0

In solrconfig.xml file

Copy FIelds

<copyField source="Name" dest="NameKeywords"/>
<copyField source="Keywords" dest="NameKeywords"/>

New Field

  <field name="NameKeywords" type="NameKeywordFieldType" indexed="true" stored="true" multiValued="true"/>

Custom Field Type

<fieldType name="NameKeywordFieldType" class="solr.TextField" positionIncrementGap="100">
    <analyzer type="index">
      <tokenizer class="solr.KeywordTokenizerFactory"/>
      <filter class="solr.StopFilterFactory" words="stopwords.txt" ignoreCase="true"/>
      <filter class="solr.LowerCaseFilterFactory"/>
      <filter class="solr.EnglishPossessiveFilterFactory"/>
       <filter class="solr.HyphenatedWordsFilterFactory"/>
    </analyzer>
    <analyzer type="query">
      <tokenizer class="solr.KeywordTokenizerFactory"/>
      <filter class="solr.StopFilterFactory" words="stopwords.txt" ignoreCase="true"/>
      <filter class="solr.SynonymGraphFilterFactory" expand="true" ignoreCase="true" synonyms="synonyms.txt"/>
      <filter class="solr.LowerCaseFilterFactory"/>
      <filter class="solr.EnglishPossessiveFilterFactory"/>
       <filter class="solr.HyphenatedWordsFilterFactory"/>
    </analyzer>
  </fieldType>

So, when I searched anything with the NameKeywords field, nothing is working (empty array returned)

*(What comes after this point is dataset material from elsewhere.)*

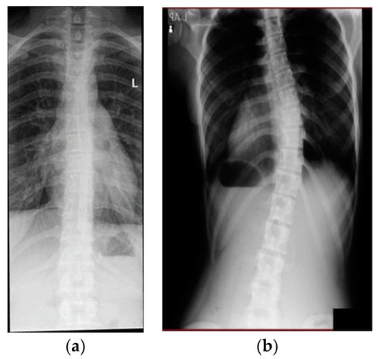 (a) Normal spine (case courtesy of Craig Hacking, Radiopaedia.org, rID: 40136, accessed on 9 October 2023). (b) Adolescent idiopathic scoliosis.

Result of search with NameKeywords

{
  "responseHeader":{
    "status":0,
    "QTime":1,
    "params":{
      "q":"NameKeywords:black",
      "_":"1582270957982"}},
  "response":{"numFound":0,"start":0,"docs":[]
  }}

But when I searched with the Name field, All working fine.

Result of search with Name

{
  "responseHeader":{
    "status":0,
    "QTime":0,
    "params":{
      "q":"Name:black",
      "fl":"Name",
      "rows":"2",
      "_":"1582270957982"}},
  "response":{"numFound":32560,"start":0,"docs":[
      {
        "Name":"40037 Black And Stripe Top, Black & Stripe / 10"},
      {
        "Name":"40037 Black And Stripe Top, Black & Stripe / 12"}]
  }}

So what is missing with the NameKeywords field?

Prashant Patil
  • 2,463
  • 1
  • 15
  • 33
  • I changed "KeywordTokenizerFactory" to "StandardTokenizerFactory" and its working.. – Prashant Patil Feb 21 '20 at 09:19
  • 1
    Why are you using the `KeywordTokenizer` if you want to split the text on whitespace? Use the `StandardTokenizer` or the `WhitespaceTokenizer` in that case. – MatsLindh Feb 21 '20 at 09:20
  • Can you please advise which is best for search as well as filters? – Prashant Patil Feb 21 '20 at 09:21
  • I got answer here https://stackoverflow.com/questions/11183017/difference-between-whitespacetokenizerfactory-and-standardtokenizerfactory – Prashant Patil Feb 21 '20 at 09:26
  • 2
    There is no one thing that is "best for search as well as filters". You have to define the set of behaviors that match what you want - each use case will be different. In general, using the same field for filtering/faceting/searching will usually not give a good experience for either. Use different fields for different use cases and behaviors. – MatsLindh Feb 21 '20 at 10:08

2 Answers2

1

As you are using the KeywordTokenizerFactory, the token will not be created and the text will be treated as single token. When you search, you will have to search with that single token.

<analyzer>
  <tokenizer class="solr.KeywordTokenizerFactory"/>
</analyzer>

In: "Please, email john.doe@foo.com by 03-09, re: m37-xq."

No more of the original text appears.